Record set:
>>
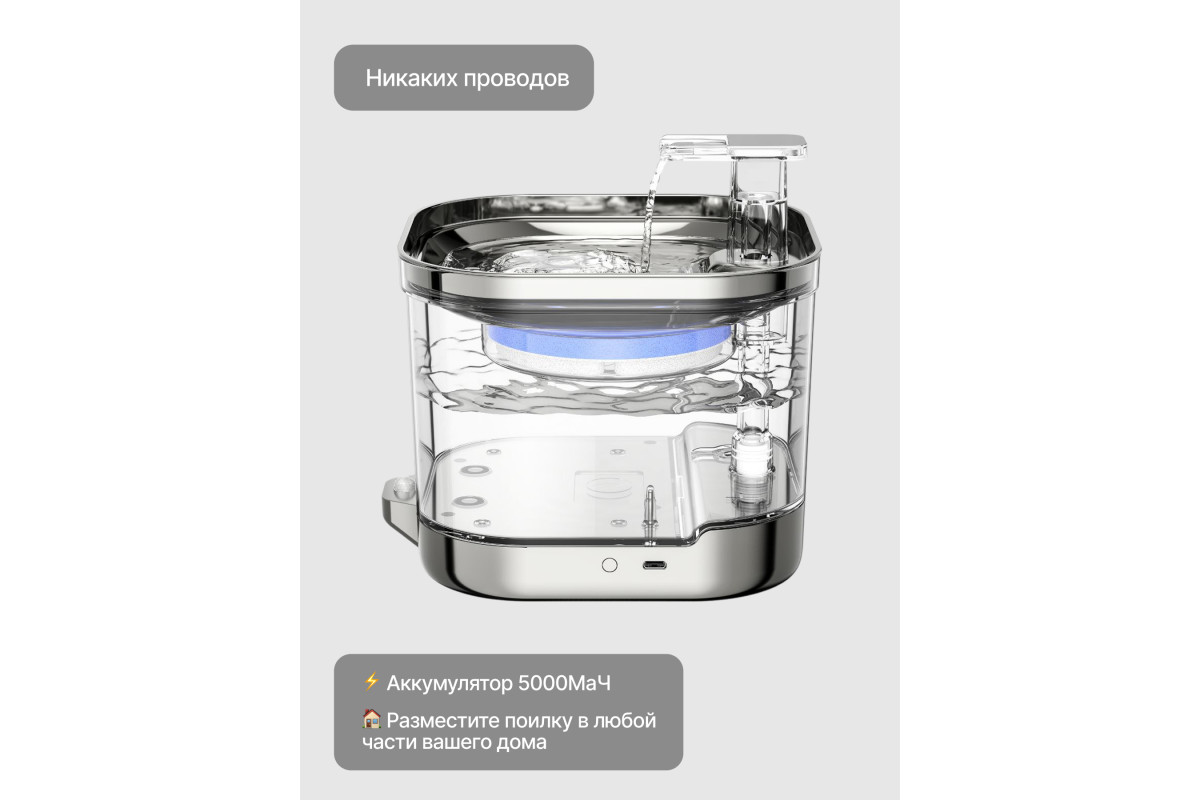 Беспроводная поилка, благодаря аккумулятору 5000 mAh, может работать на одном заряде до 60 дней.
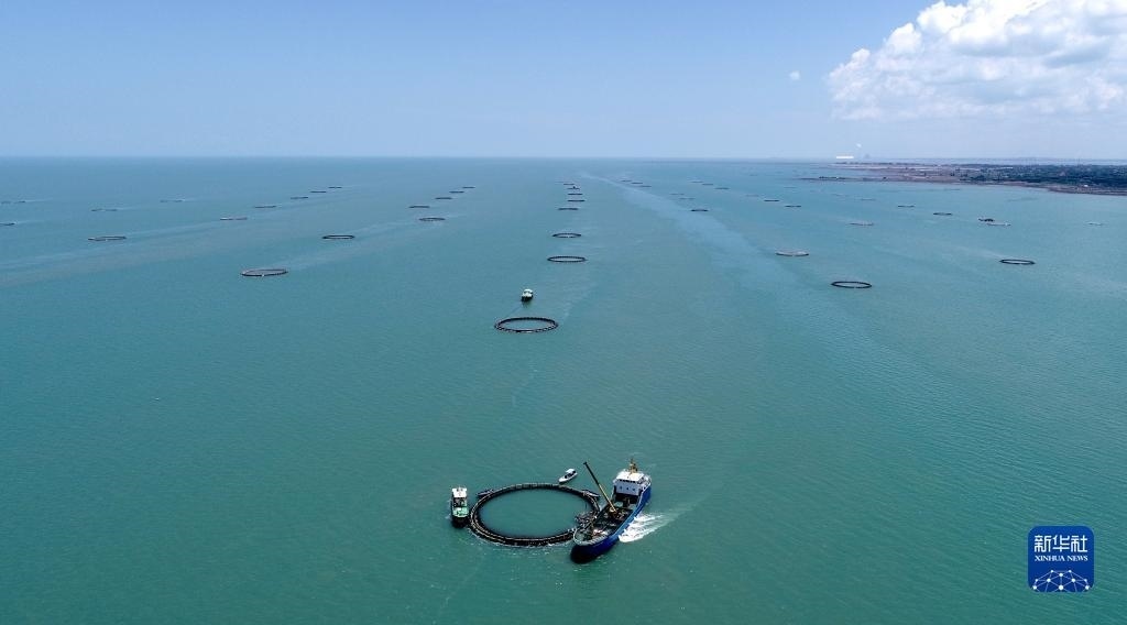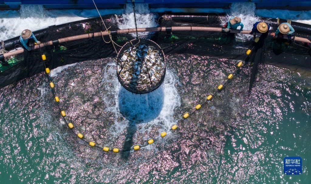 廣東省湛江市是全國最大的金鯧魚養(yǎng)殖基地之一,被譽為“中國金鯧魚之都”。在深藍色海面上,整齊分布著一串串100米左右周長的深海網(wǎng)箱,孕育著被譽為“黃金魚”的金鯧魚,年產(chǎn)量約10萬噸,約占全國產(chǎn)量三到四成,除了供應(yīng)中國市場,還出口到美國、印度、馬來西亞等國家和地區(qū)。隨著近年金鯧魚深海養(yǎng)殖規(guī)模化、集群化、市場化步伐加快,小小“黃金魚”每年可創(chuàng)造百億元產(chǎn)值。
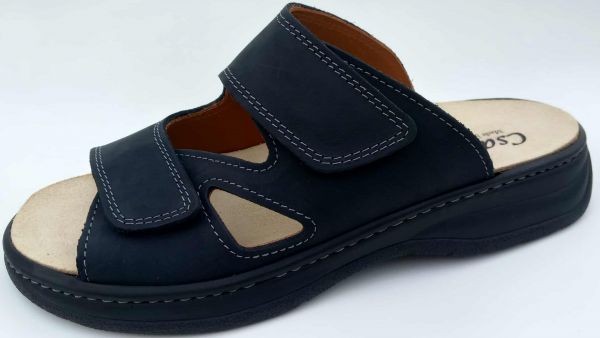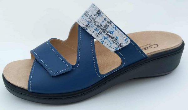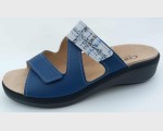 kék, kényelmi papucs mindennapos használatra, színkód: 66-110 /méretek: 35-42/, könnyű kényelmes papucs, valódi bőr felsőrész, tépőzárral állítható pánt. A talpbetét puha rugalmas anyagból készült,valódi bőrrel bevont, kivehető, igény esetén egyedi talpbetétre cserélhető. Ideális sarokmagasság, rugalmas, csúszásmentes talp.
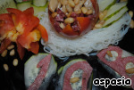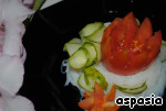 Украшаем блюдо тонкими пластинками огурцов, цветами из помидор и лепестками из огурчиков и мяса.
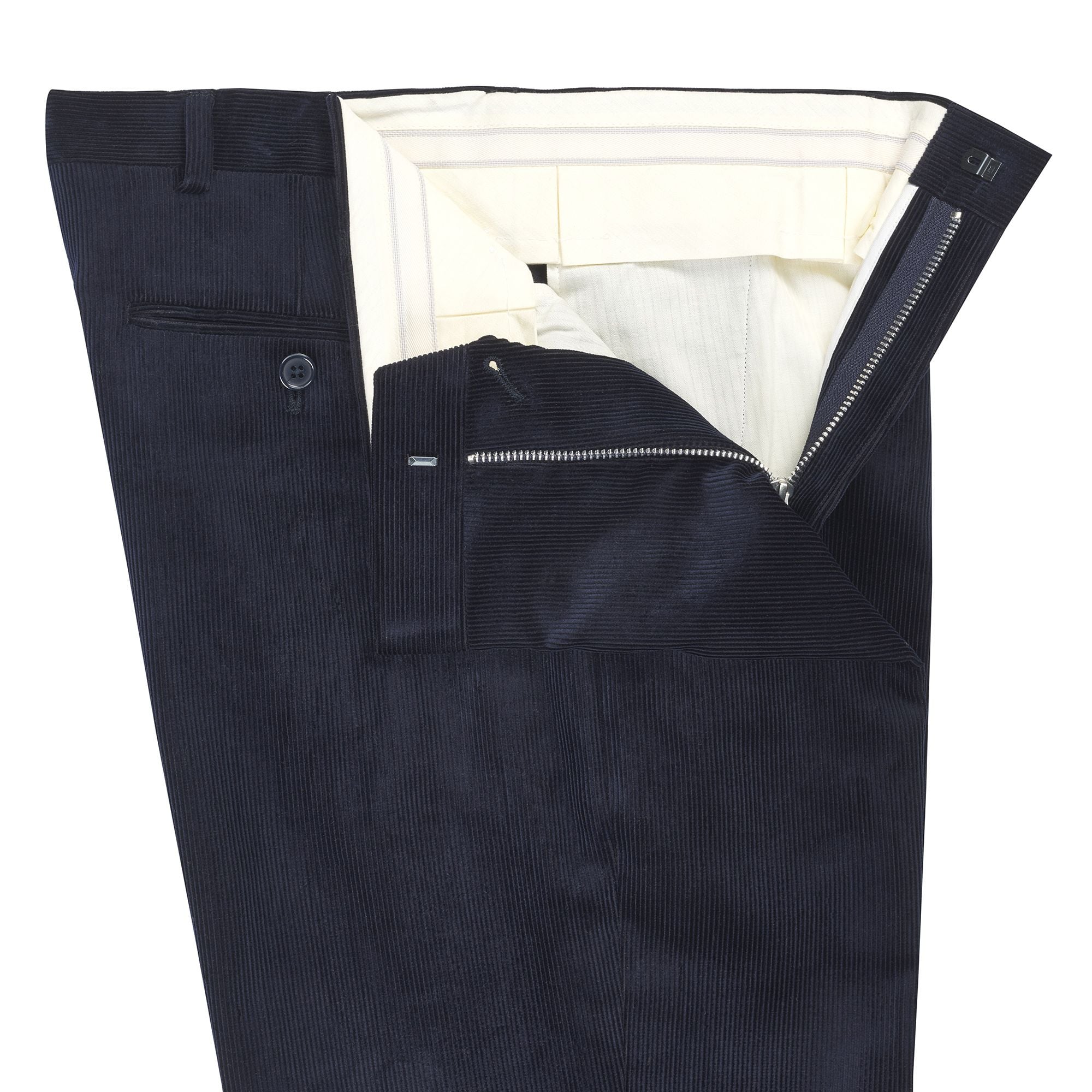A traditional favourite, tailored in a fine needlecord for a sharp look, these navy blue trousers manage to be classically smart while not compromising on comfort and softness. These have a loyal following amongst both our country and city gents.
<<
>>
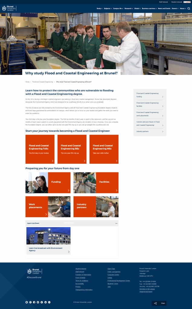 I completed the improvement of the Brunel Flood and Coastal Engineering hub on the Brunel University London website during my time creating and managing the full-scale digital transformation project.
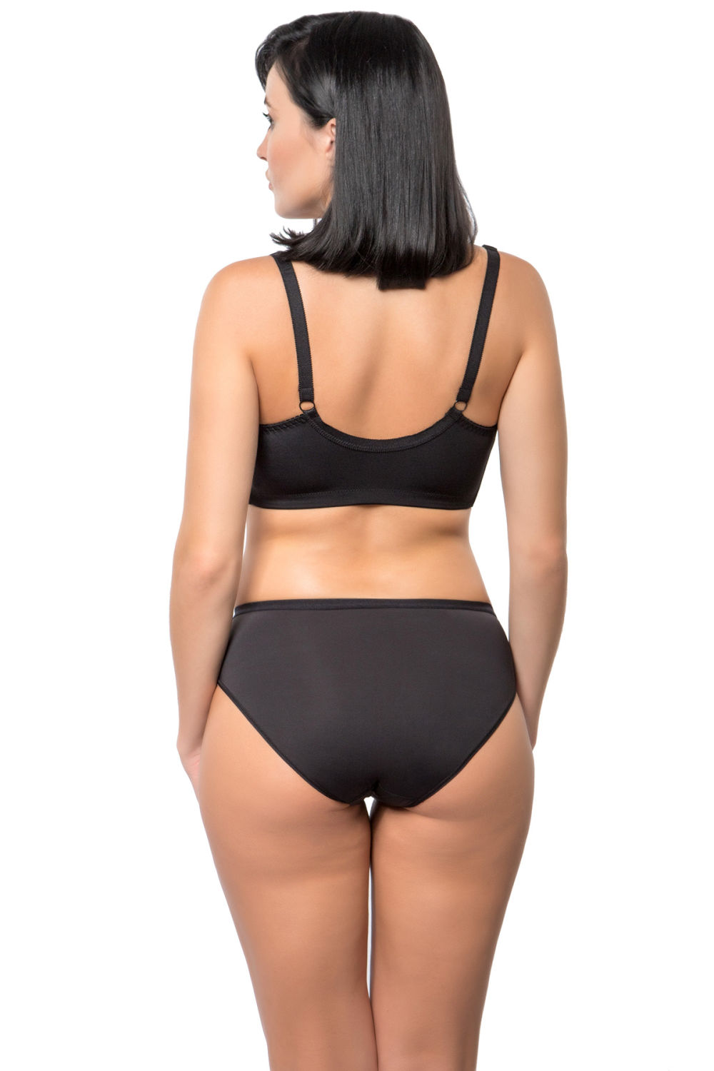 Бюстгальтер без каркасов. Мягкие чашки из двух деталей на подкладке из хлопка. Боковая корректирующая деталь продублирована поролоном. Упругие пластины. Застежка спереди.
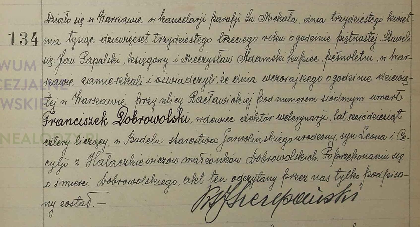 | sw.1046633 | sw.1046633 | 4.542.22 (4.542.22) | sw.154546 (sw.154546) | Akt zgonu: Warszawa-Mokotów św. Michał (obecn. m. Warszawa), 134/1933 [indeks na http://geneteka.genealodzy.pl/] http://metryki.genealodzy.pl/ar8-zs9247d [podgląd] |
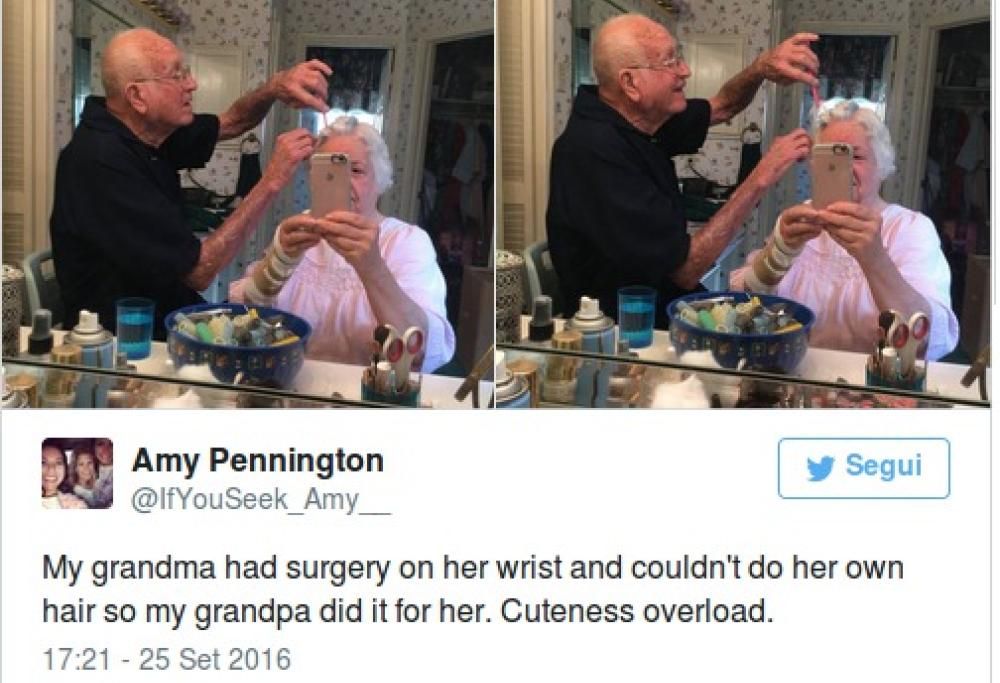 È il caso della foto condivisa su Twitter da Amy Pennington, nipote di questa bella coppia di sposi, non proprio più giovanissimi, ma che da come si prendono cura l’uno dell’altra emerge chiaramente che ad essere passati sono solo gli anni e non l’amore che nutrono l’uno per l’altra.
<<
>>
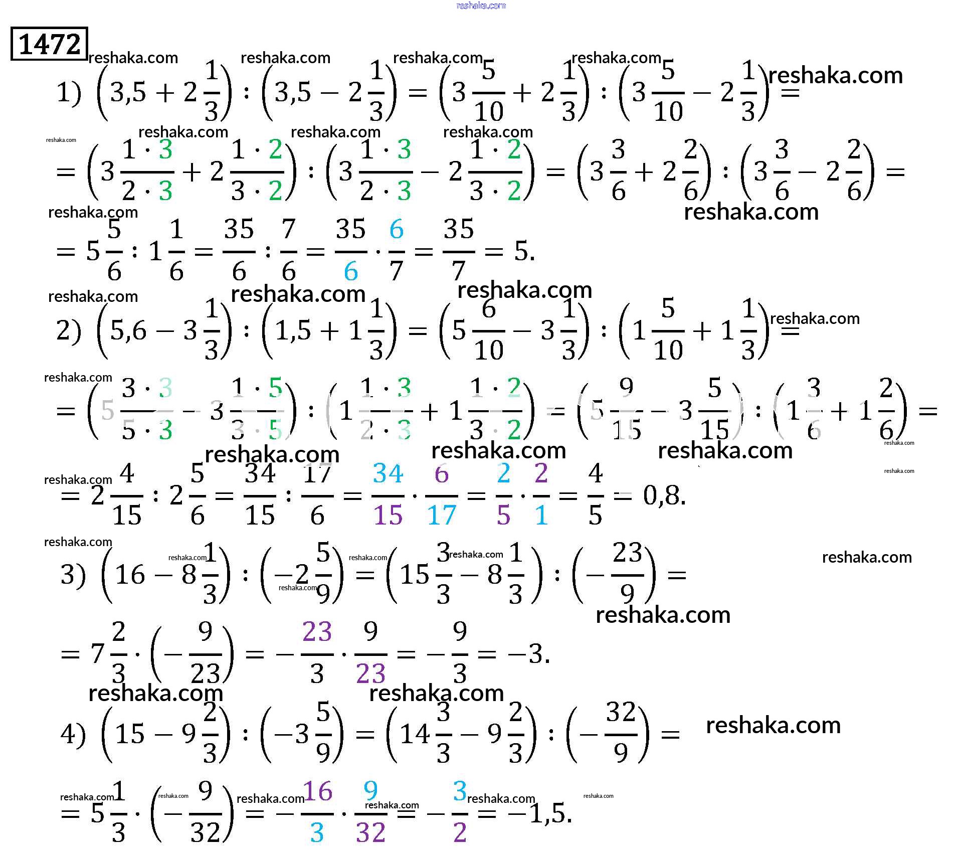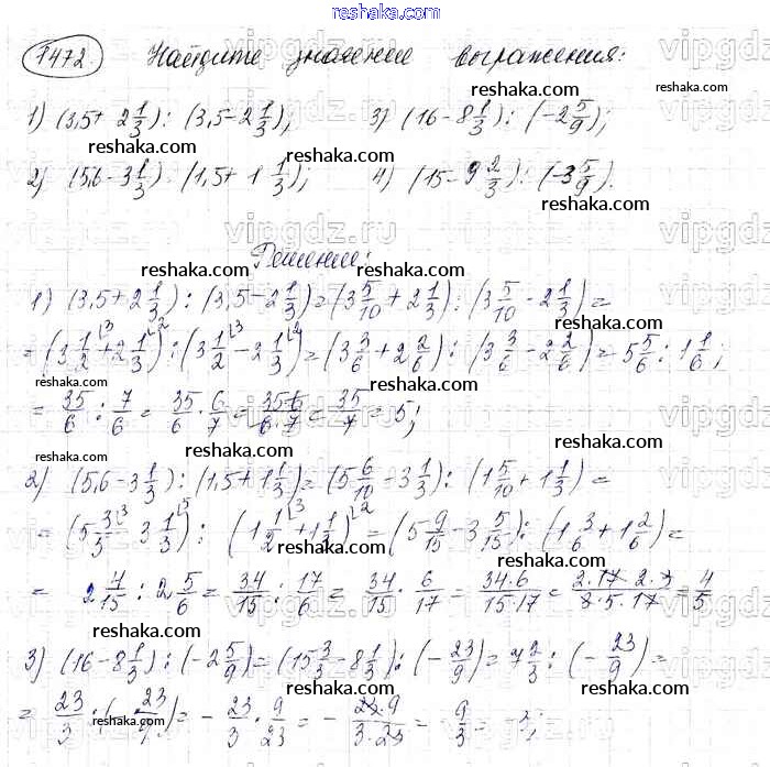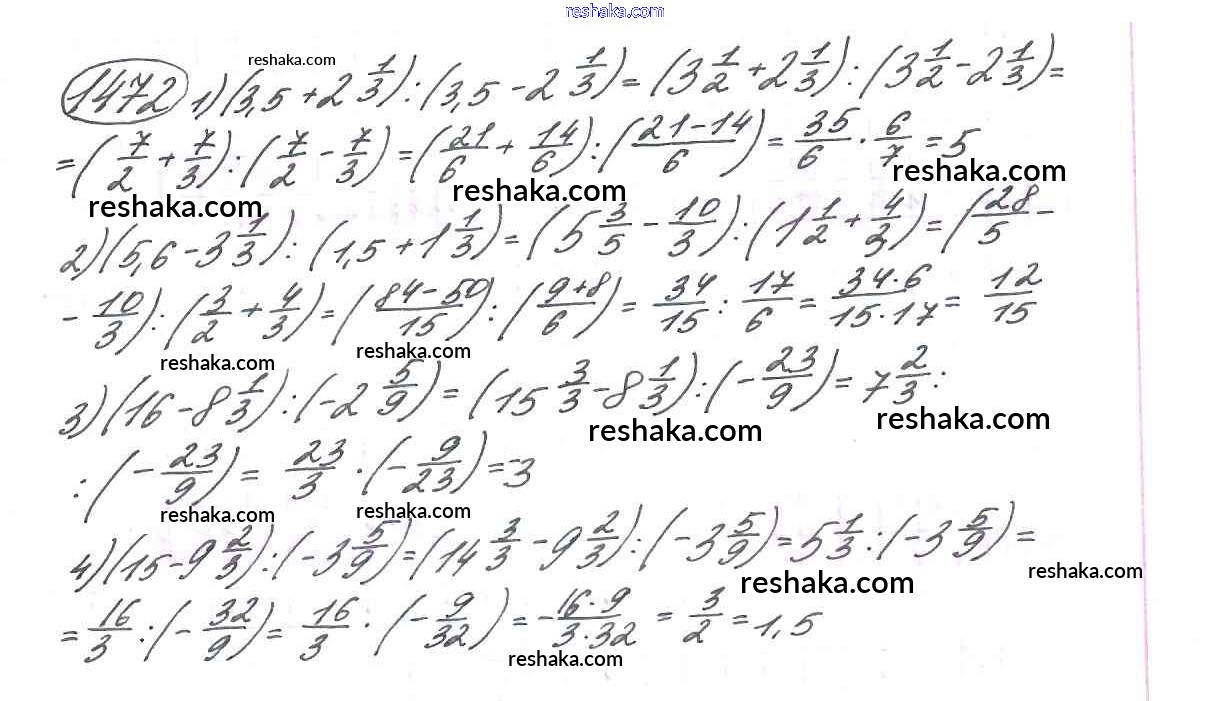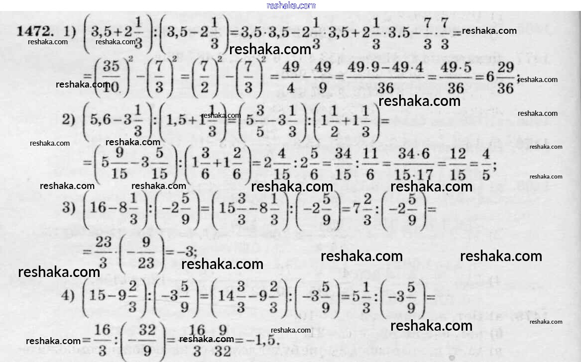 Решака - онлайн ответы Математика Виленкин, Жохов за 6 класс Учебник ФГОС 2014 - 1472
<<
Task to complete:
The answer must be the part of the records that opens with the line containing "廣東省湛江市是全國最大的金鯧" and closes with the line containing "A traditional favourite, tailored", reproduced exactly, with no pictures.

Task answer:
 廣東省湛江市是全國最大的金鯧魚養(yǎng)殖基地之一,被譽為“中國金鯧魚之都”。在深藍色海面上,整齊分布著一串串100米左右周長的深海網(wǎng)箱,孕育著被譽為“黃金魚”的金鯧魚,年產(chǎn)量約10萬噸,約占全國產(chǎn)量三到四成,除了供應(yīng)中國市場,還出口到美國、印度、馬來西亞等國家和地區(qū)。隨著近年金鯧魚深海養(yǎng)殖規(guī)模化、集群化、市場化步伐加快,小小“黃金魚”每年可創(chuàng)造百億元產(chǎn)值。
 kék, kényelmi papucs mindennapos használatra, színkód: 66-110 /méretek: 35-42/, könnyű kényelmes papucs, valódi bőr felsőrész, tépőzárral állítható pánt. A talpbetét puha rugalmas anyagból készült,valódi bőrrel bevont, kivehető, igény esetén egyedi talpbetétre cserélhető. Ideális sarokmagasság, rugalmas, csúszásmentes talp.
 Украшаем блюдо тонкими пластинками огурцов, цветами из помидор и лепестками из огурчиков и мяса.
A traditional favourite, tailored in a fine needlecord for a sharp look, these navy blue trousers manage to be classically smart while not compromising on comfort and softness. These have a loyal following amongst both our country and city gents.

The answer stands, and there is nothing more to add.